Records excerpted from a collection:
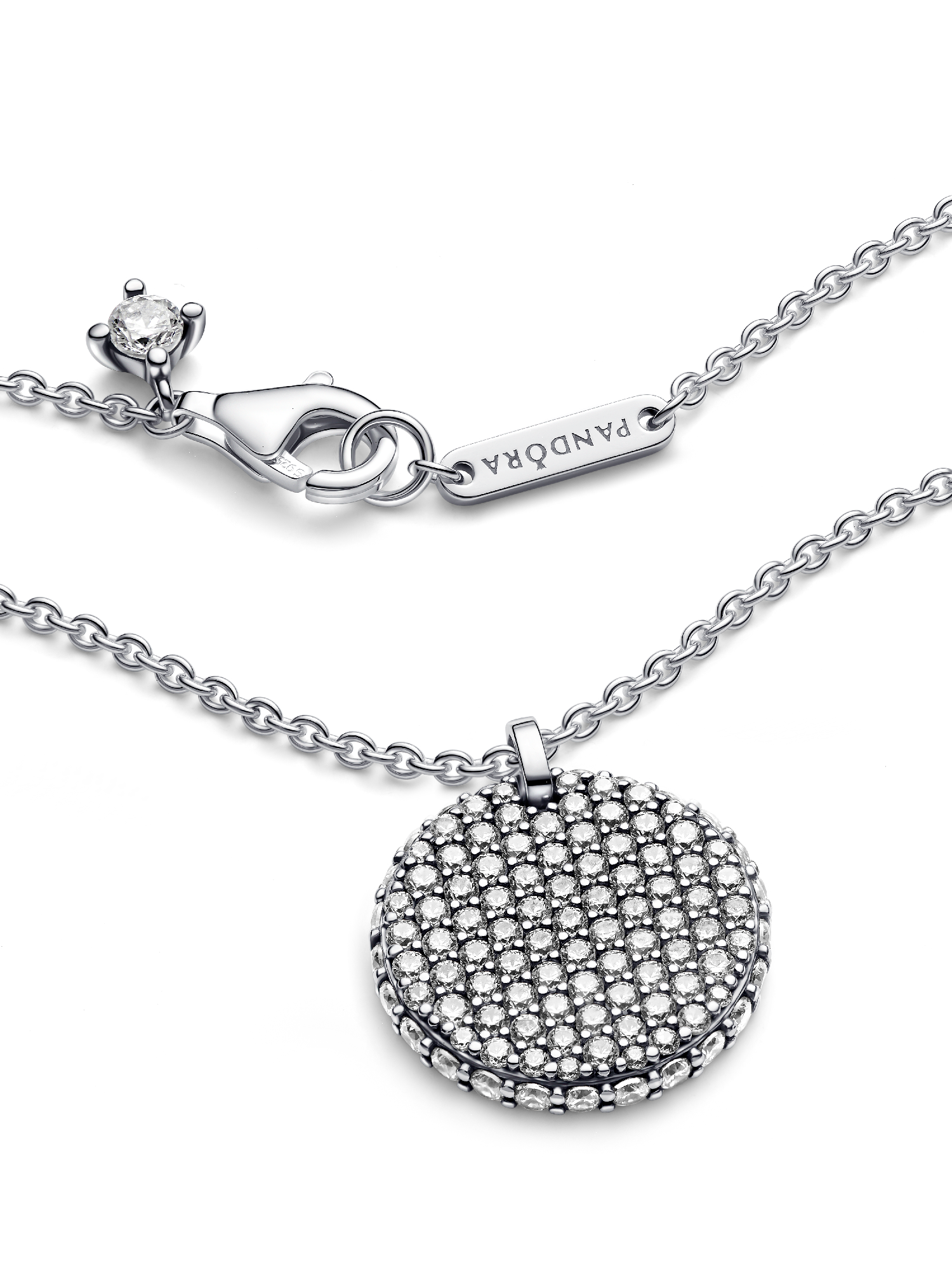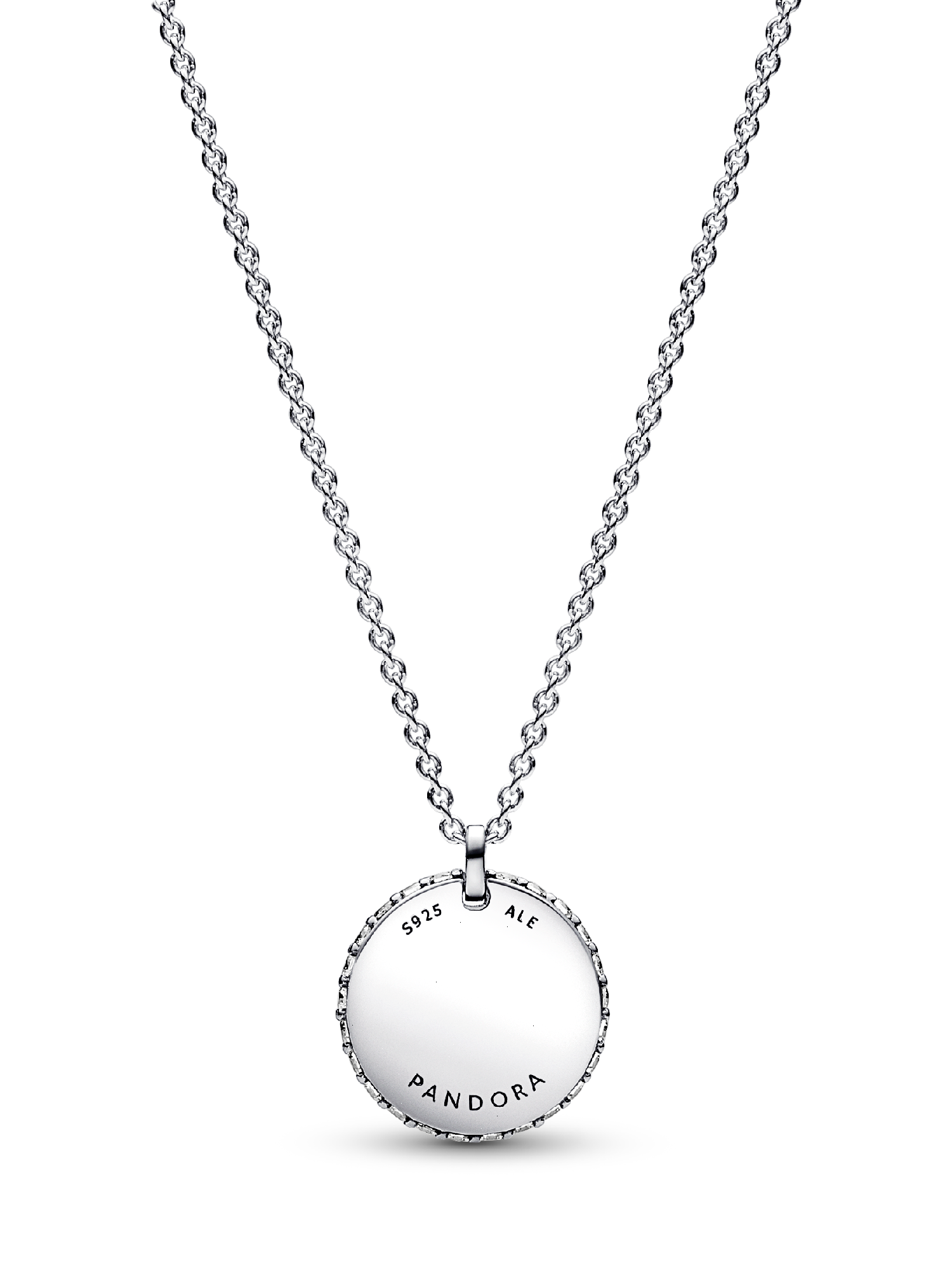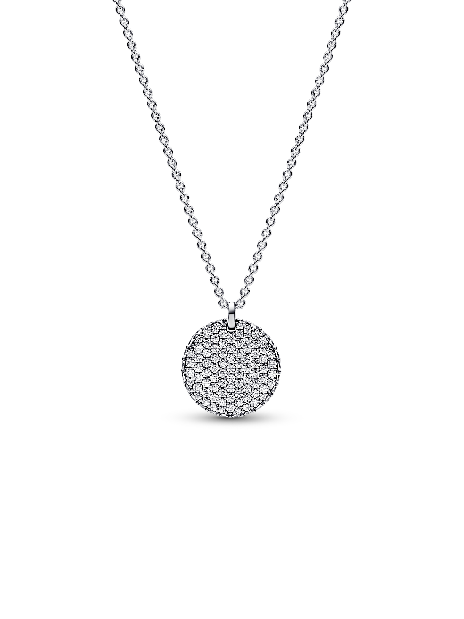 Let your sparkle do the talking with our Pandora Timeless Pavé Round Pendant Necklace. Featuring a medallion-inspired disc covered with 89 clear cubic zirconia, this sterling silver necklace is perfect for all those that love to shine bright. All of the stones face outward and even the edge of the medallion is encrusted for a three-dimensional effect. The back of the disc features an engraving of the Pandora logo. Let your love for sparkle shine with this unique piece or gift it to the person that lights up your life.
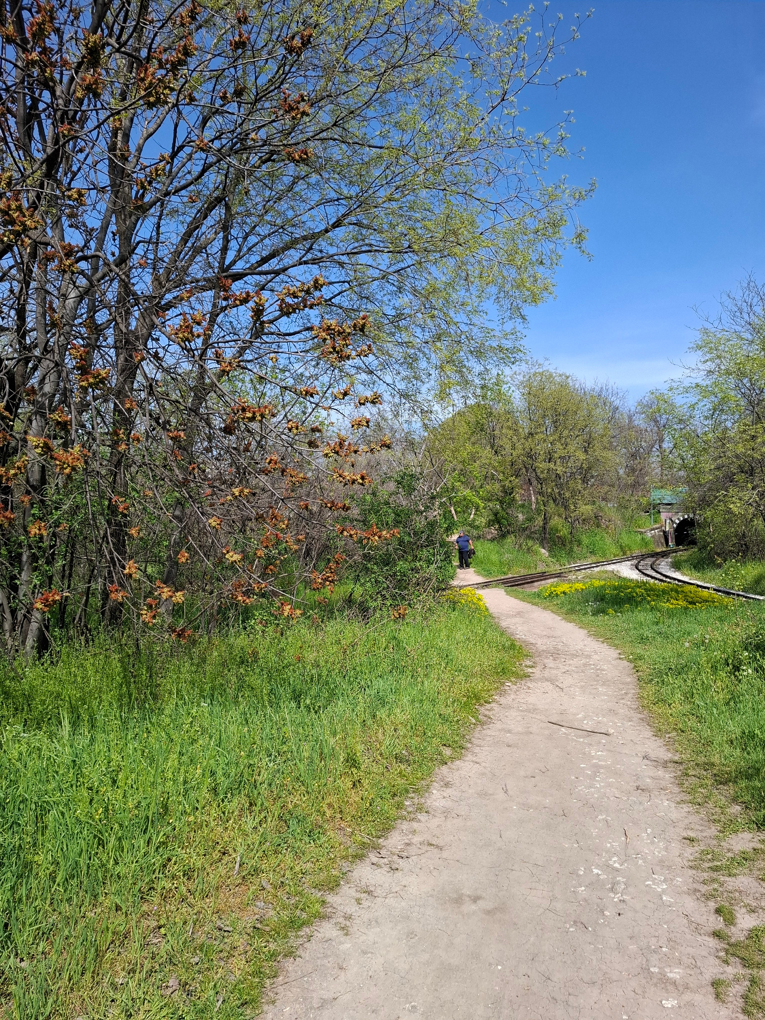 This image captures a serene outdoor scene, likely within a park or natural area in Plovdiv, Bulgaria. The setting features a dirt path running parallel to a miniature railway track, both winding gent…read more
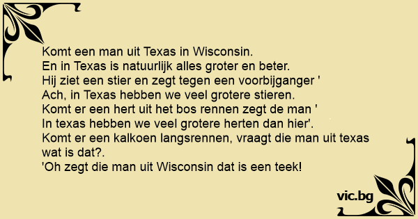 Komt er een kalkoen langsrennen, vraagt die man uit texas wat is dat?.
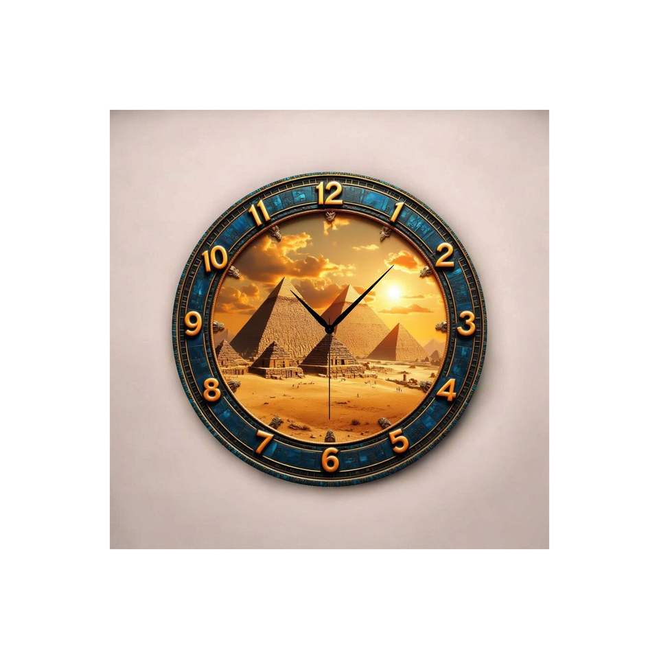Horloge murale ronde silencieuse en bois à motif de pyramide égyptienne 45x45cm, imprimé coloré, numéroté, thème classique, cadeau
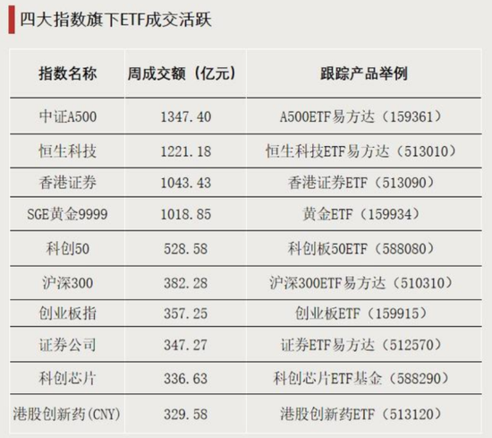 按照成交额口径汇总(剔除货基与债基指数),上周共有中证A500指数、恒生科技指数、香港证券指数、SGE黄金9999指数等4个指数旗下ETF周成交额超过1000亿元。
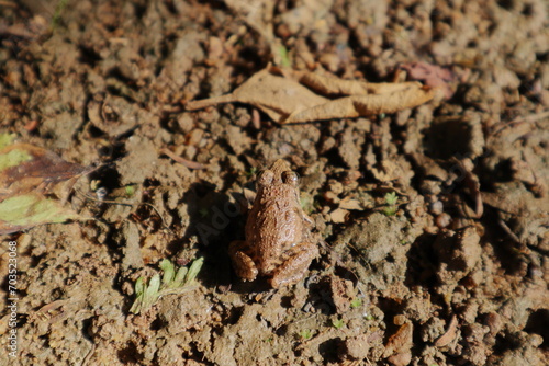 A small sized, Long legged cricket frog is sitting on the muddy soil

Exercise objective> Please retype the records above exactly, leaving every image out.

Answer to this task>
 Let your sparkle do the talking with our Pandora Timeless Pavé Round Pendant Necklace. Featuring a medallion-inspired disc covered with 89 clear cubic zirconia, this sterling silver necklace is perfect for all those that love to shine bright. All of the stones face outward and even the edge of the medallion is encrusted for a three-dimensional effect. The back of the disc features an engraving of the Pandora logo. Let your love for sparkle shine with this unique piece or gift it to the person that lights up your life.
 This image captures a serene outdoor scene, likely within a park or natural area in Plovdiv, Bulgaria. The setting features a dirt path running parallel to a miniature railway track, both winding gent…read more
 Komt er een kalkoen langsrennen, vraagt die man uit texas wat is dat?.
Horloge murale ronde silencieuse en bois à motif de pyramide égyptienne 45x45cm, imprimé coloré, numéroté, thème classique, cadeau
 按照成交额口径汇总(剔除货基与债基指数),上周共有中证A500指数、恒生科技指数、香港证券指数、SGE黄金9999指数等4个指数旗下ETF周成交额超过1000亿元。
 A small sized, Long legged cricket frog is sitting on the muddy soil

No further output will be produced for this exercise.